The reasoning behind banning the burka breaks down into a matter of perceived safety. The burka was banned because it was thought to drastically reduce the amount of radical Islam throughout Africa and the globe. With a burka on, security forces have a harder time identifying danger and risk factors, while the lack of them also encourages a more moderate approach to Islam. A high-ranking member of the Ministry of the Interior of Morocco released the news of the ban in a public statement where it said, “Traders have confided that this decision is motivated by security reasons, some criminals having repeatedly used this garment to perpetrate their crimes.” This comment has been scrutinized to the highest extent and has been deemed publically inappropriate and illegal.
With living in a very sophisticated time where every country is connected at the click of a screen, the power of global human rights activists is at an all time high.
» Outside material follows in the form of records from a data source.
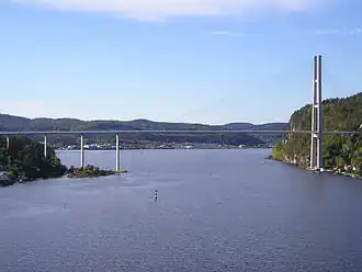 E18 в Норвегии. Участок трассы в губернии Вестфолл, под Тёнсбергом Архивная копия от 18 сентября 2016 на Wayback Machine
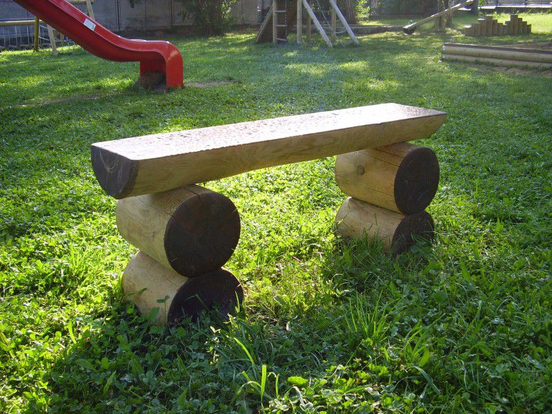Popis zariadenia: Lavička je vyrobená zo smrekovej stredovej guľatiny o 190 – 230 mm. Všetko je tlakovo imregnované Wolmanitom CX 10 a zbrúsené do hladka. Horné a bočné rezné plochy sú ošetrené trojitým náterom Xyladecor Top Glazúra odtieň orech. Lavička je ukotvená do betónového základu pomocou 4 ks kovových pätiek, ktoré sú opatrené povrchovou úpravou epoxidovou práškovou farbou – Komaxit.
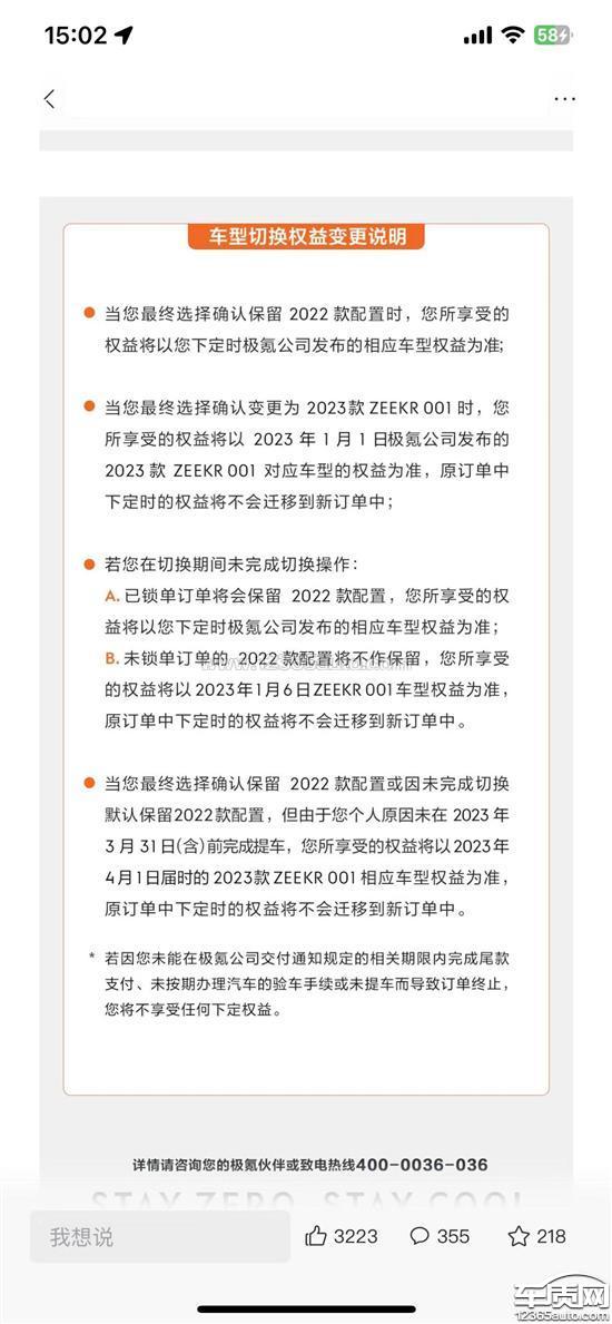 2022.8月从极氪app5000元购买订单后,极氪销售并未提及具体锁车以及提车时间,销售以及官网并未提及2023年之后的改款车型。2023年1月1日,极氪官网发布新车,取消整车终生质保,并增加多项霸王条款,比如要求购买方于2023年1月6号前锁单且必须2023年3月31日前提车,不然无法享受2022款车型的相应权益,并修改合同,这属于欺诈消费者。我的诉求就是:退订金。
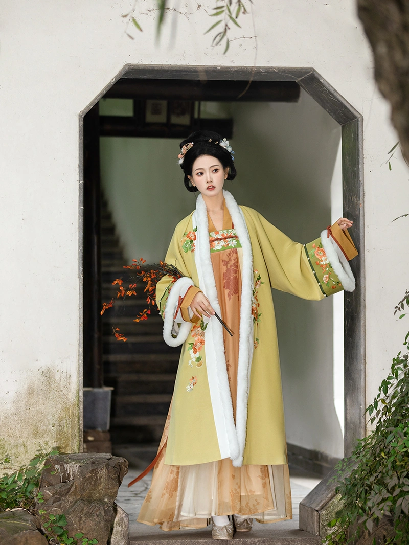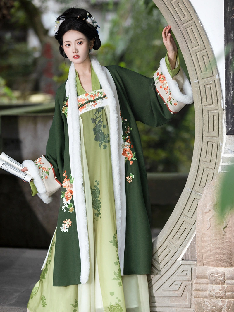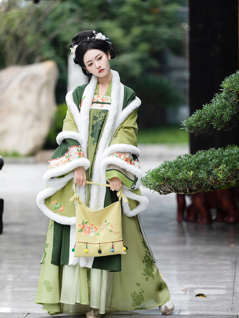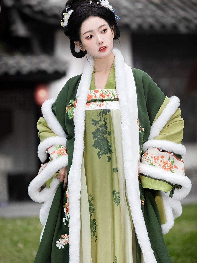 唐朝 这套灵感源自冬季汉服的套装具有丰富的 绣花 启雄群 (高腰裙) 搭配保暖外袍和内衣。该套装采用 55% 棉和 45% 其他材料混纺的长毛绒面料,舒适优雅,适合秋季和冬季日常穿着。 冬季. .复杂的刺绣和传统的设计元素使其成为汉服爱好者的首选,既保暖又不失时尚。.

The burka and complete religious freedom is detailed in the articles of the Human Rights Watch and the United States Commission of International Religious Freedom. The burka is an essential piece of religious garb worn by women who follow a more conservative path of Islam. The burka is meant to prevent acts of sin committed by men unto the wearer of said burka. To those who practice Islam more conservatively, it is sinful (haram) to look at someone in a sexual manner, therefore, women who decide to wear a burka prevent such acts of sin from occurring. Knowing this, it seems erroneous and down-right egregious to ban such religious garb with the reason being “security.” It begins with burkas and then soon yarmulkes will also be banned as well as hijabs; it can be very well perceived as a human rights violation to restrict someone’s religious freedom solely for “security reasons.”
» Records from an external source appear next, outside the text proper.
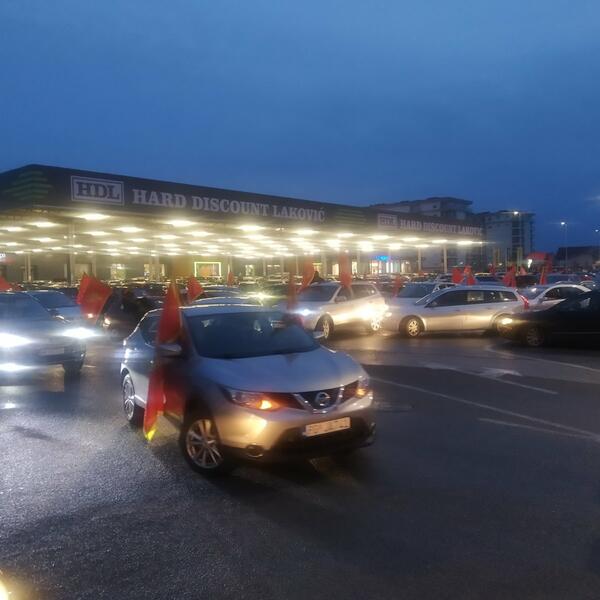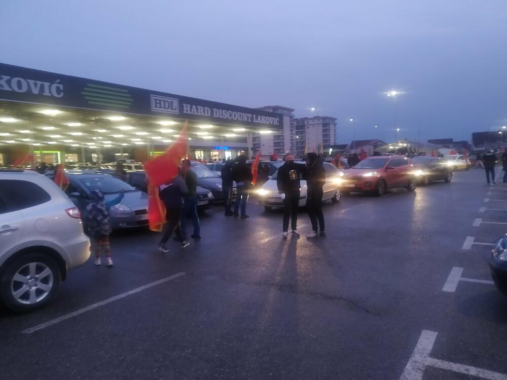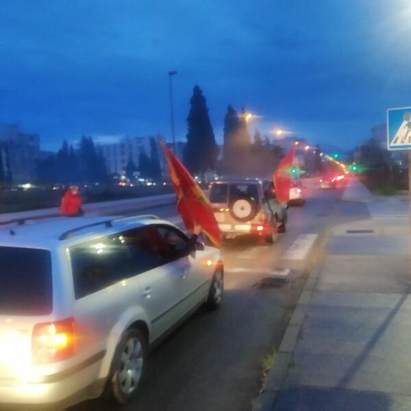 Grupa građana sa državnim obilježjima je, uz par zapaljenih baklji, oko 18 časova krenula u auto-kolonu ulicama Podgorice. U koloni je veliki broj vozila.
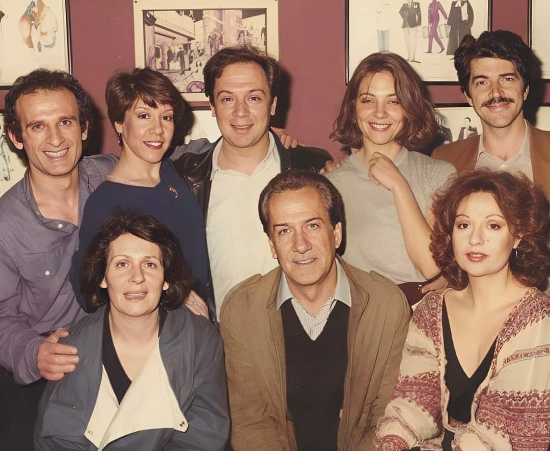 Συνάντηση κορυφής: Ο Αλέκος Αλεξανδράκης στα μέσα της δεκαετίας του 80 με τα μέλη μιας καλλιτεχνικής συντροφιάς που ανανέωσε το ελληνικό θέατρο και έγραψε ιστορία: Άννα Παναγιωτοπούλου, Μίρκα Παπακωνσταντίνου, Μίμης Χρυσομάλλης, Όλια Λαζαρίδου Σταμάτης Φασουλής, Τάσος Πεζιρκιανίδης και η Μίνα Αδαμάκη. Ο Αλέκος Αλεξανδράκης είχε κάνει την μοναδική του εμφάνιση σε επιθεώρηση μαζί τους στο «Ψεκάστε, ψηφίστε, τελειώσατε» το καλοκαίρι του 1984.
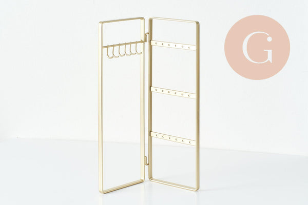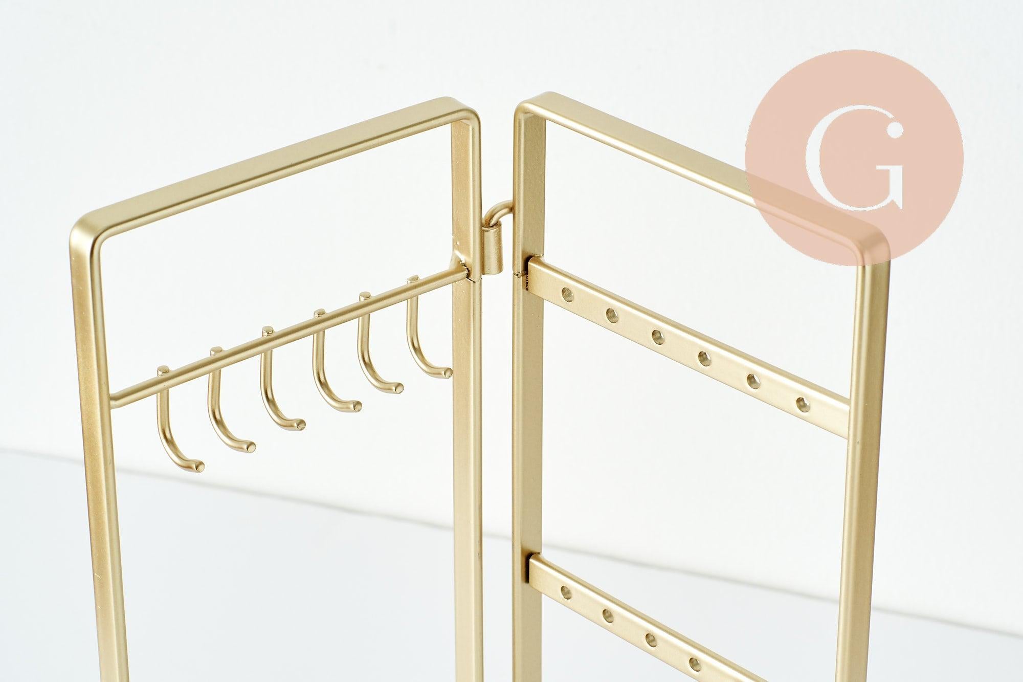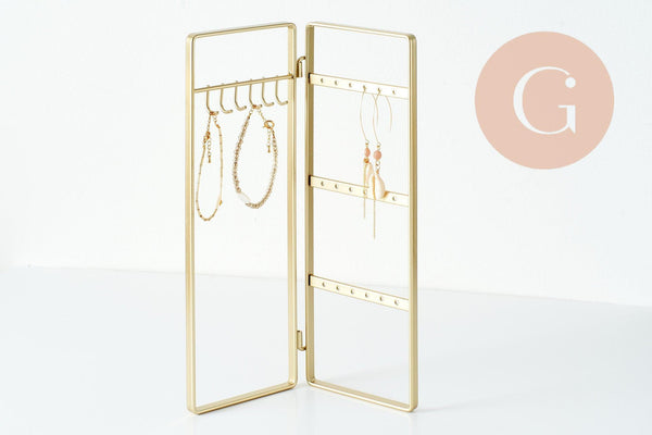 Este porta joyas se compone de dos partes plegables que lo hacen estable para que puedas colocar todas tus joyas hechas a mano sin dañarlas.

The importance of security and terror elimination is at an all-time high, especially with the always growing amount of refugees around the world. In areas like Berlin, Germany patrons at train stations are subject to searches if seen wearing baggy clothing, especially for women wearing full body garbs. Morocco is actually particularly progressive in regards towards religious freedom and refugee acceptance. In 2016 alone, the parliament of the state adopted a new Press and Publications code that advanced the 2002 press code which eliminated prison time as punishment. The new code still punishes many nonviolent speech offenses with fines and court-ordered suspensions of websites and publications.
Kenneth Roth, the executive director of Human Rights Watch states, “Authorities frequently impeded events organized by local chapters of the Moroccan Association for Human Rights, by denying access to planned venues. They also prevented the efforts by many chapters of the association to file documents as required by the law, placing them in legal jeopardy.”
With more bans placed on research missions by both Amnesty International and Human Rights Watch, it’s more important than ever to for the global community to keep watch of the religious restrictions and human right implications going through the nation. The Islam people have endured decades of religious racism and scrutiny and it’s most essential now in 2017 to turn the international perspective from one of racism and fear to one of acceptance and global progression.